Sekuru’s Stories is currently under development with support from the ACLS. The project is being built publicly, with new material added weekly basis until it completion in September, 2019. You can subscribe to received notifications about new additions. We also welcome your feedback as Sekuru’s Stories is developed.

Authors

Sekuru’s Stories is co-authored by Sekuru Tute Chigamba and Jennifer Kyker. Tute Chigamba, a renowned Zimbabwean musician, was born in 1939 in the rural district of Guruve, Chigamba. He is now referred to by family, friends, and students alike using the honorific title Sekuru, or “Grandfather.”  Jennifer began studying mbira with Sekuru Chigamba in 1995. She is currently Associate Professor of Ethnomusicology at the Eastman School of Music and the College of Arts, Sciences, and Engineering at the University of Rochester.

Navigating Sekuru’s Stories

As a digital monograph, this project is organized into four sections, conceived as roughly akin to chapters. In the first, Sekuru Chigamba relates stories from his early years in Guruve, beginning with his birth in 1939 and ending with his departure as a migrant laborer in 195*. In the second, he recounts stories about his life in the urban capital, from his experiences attending ceremonies in the early 1960s to his emergence as an international musical figure in the late 1990s.

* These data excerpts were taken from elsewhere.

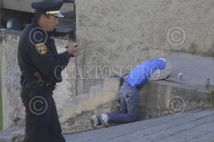 NAUCALPAN, ESTADO DE MÉXICO, 18FEBRERO2013.- Un hombre fue encontrado sin vida hincado con dos impacto de arma de fuego en la cabeza sobre la calle Díaz y Calzada de Guadalupe en San Miguel Totolinga. FOTO: LUIS CARBAYO /CUARTOSCURO.COM
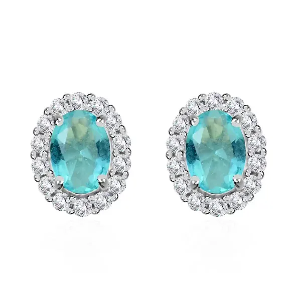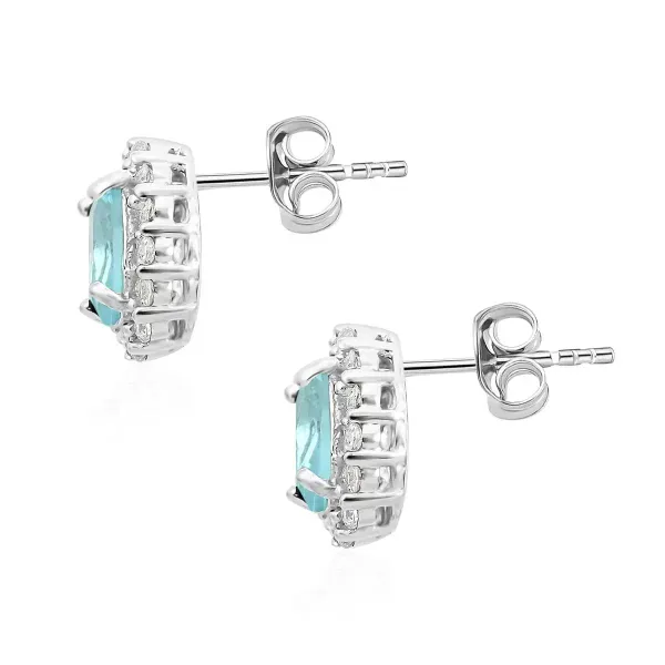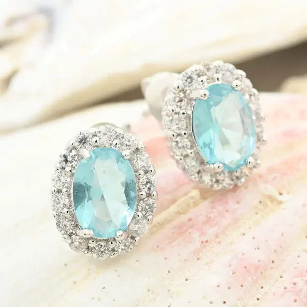 Bring cool-toned elegance to your jewelry collection with these Sky Luxe Oval Halo Stud Earrings. Each earring features a 7×5 mm simulated sky blue center stone framed by a halo of sparkling colorless stones for refined brilliance.
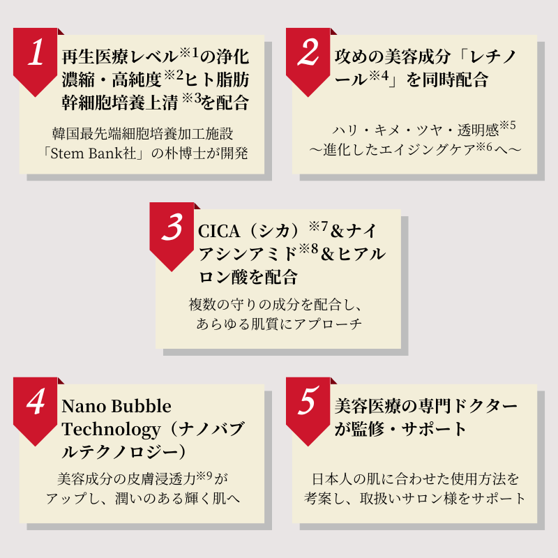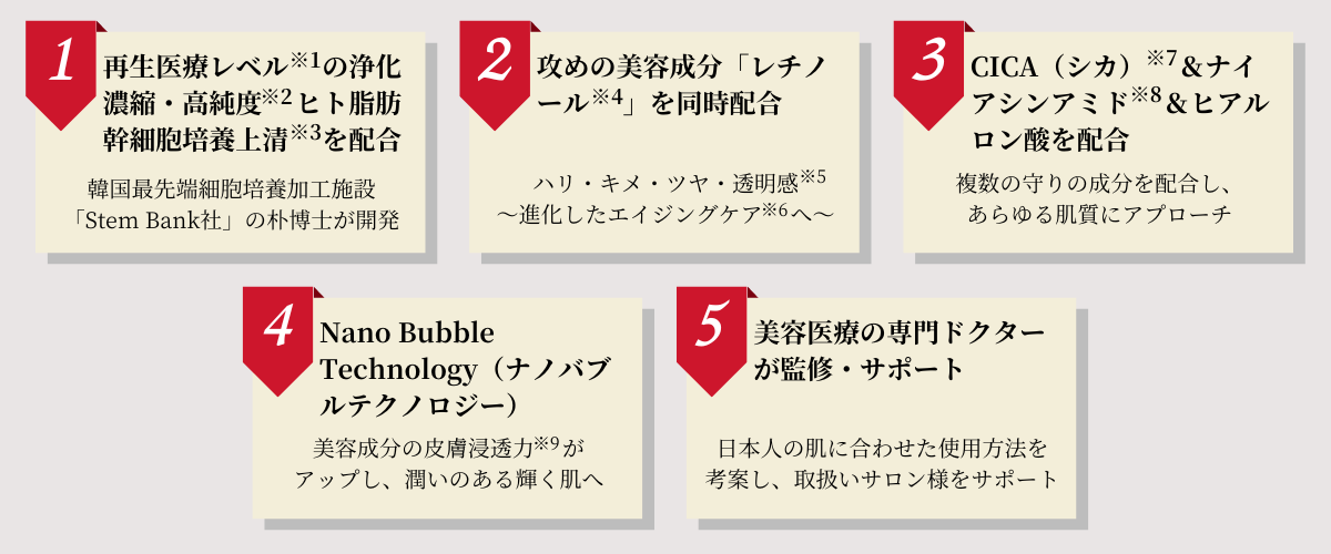※1 Stem Bank社の製造技術・基準によるヒト脂肪細胞順化培養液エキス(保湿・整肌成分) ※2:整肌成分 ※3:ツボクサエキス(整肌) ※4:整肌成分
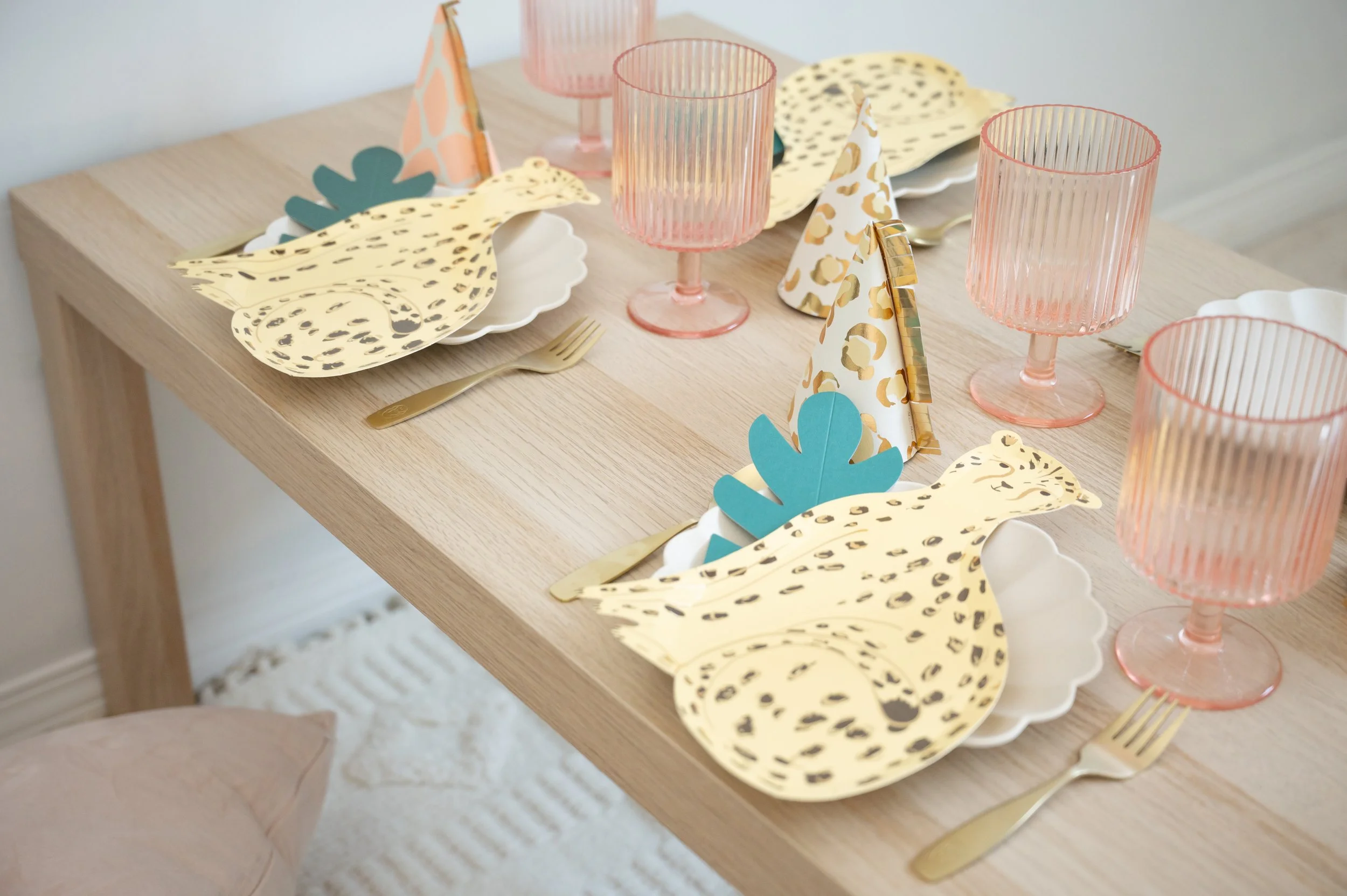 • Party table setting with cheetah-patterned paper plates, pastel pink glasses, gold utensils, and decorated paper party hats with farm animal theme.
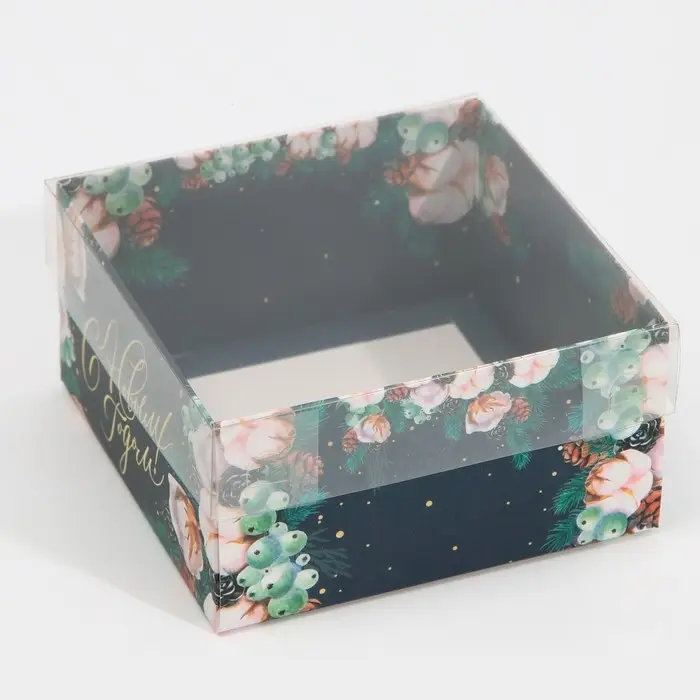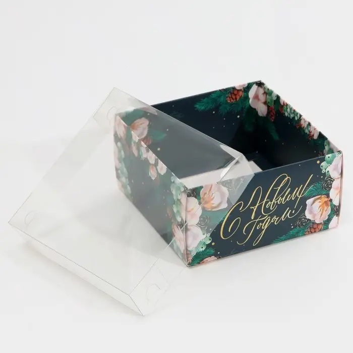 Коробка для кондитерских изделий с пластиковой крышкой «Хлопок», 12 х 6 х 11.5 см
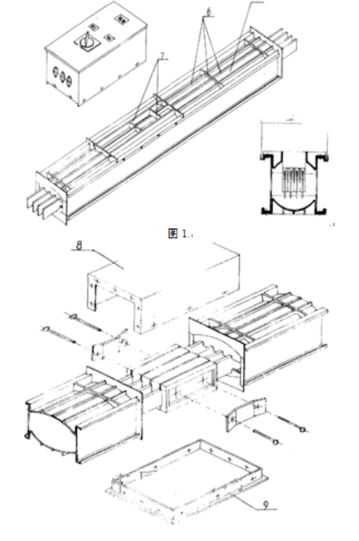 通過對母線槽的改良設(shè)計(jì),在母線槽的蓋板、側(cè)板連接處、插口處、接頭處都設(shè)計(jì)防水結(jié)構(gòu),設(shè)置防水嵌件。如圖1:利用插口處加強(qiáng)筋的凸起部分(7)和插接箱底部的凹槽相配合,以解決插口處的防水問題。如圖2:用接頭防水上罩(8)和接頭防水底板(9)與母線槽相配合,已解決解決接頭處的防水問題。

In the third section, Sekuru Chigamba offers a detailed account of his primary instrument, the mbira dzavadzimu, exploring topics such as the mbira’s origins, the law of mbira, and the social role of the mbira player, or gwenyambira. In the fourth part of the site, Sekuru Chigamba recounts the oral history of the Soko Wafawanaka clan, rulers of Guruve. As a member of the clan, he traces his lineage back to its founding ancestor, Chingowo.

Chicago Dzviti Collection

Many of the photographs used in this site belong to the Chicago Dzviti Collection, held in the University of Rochester’s Department of Rare Books, Special Collections & Preservation (RBPSC). This collection was acquired from Chicago Dzviti’s widow Lorraine Chitungo, with generous support from Dean Gloria Culver in AS&E.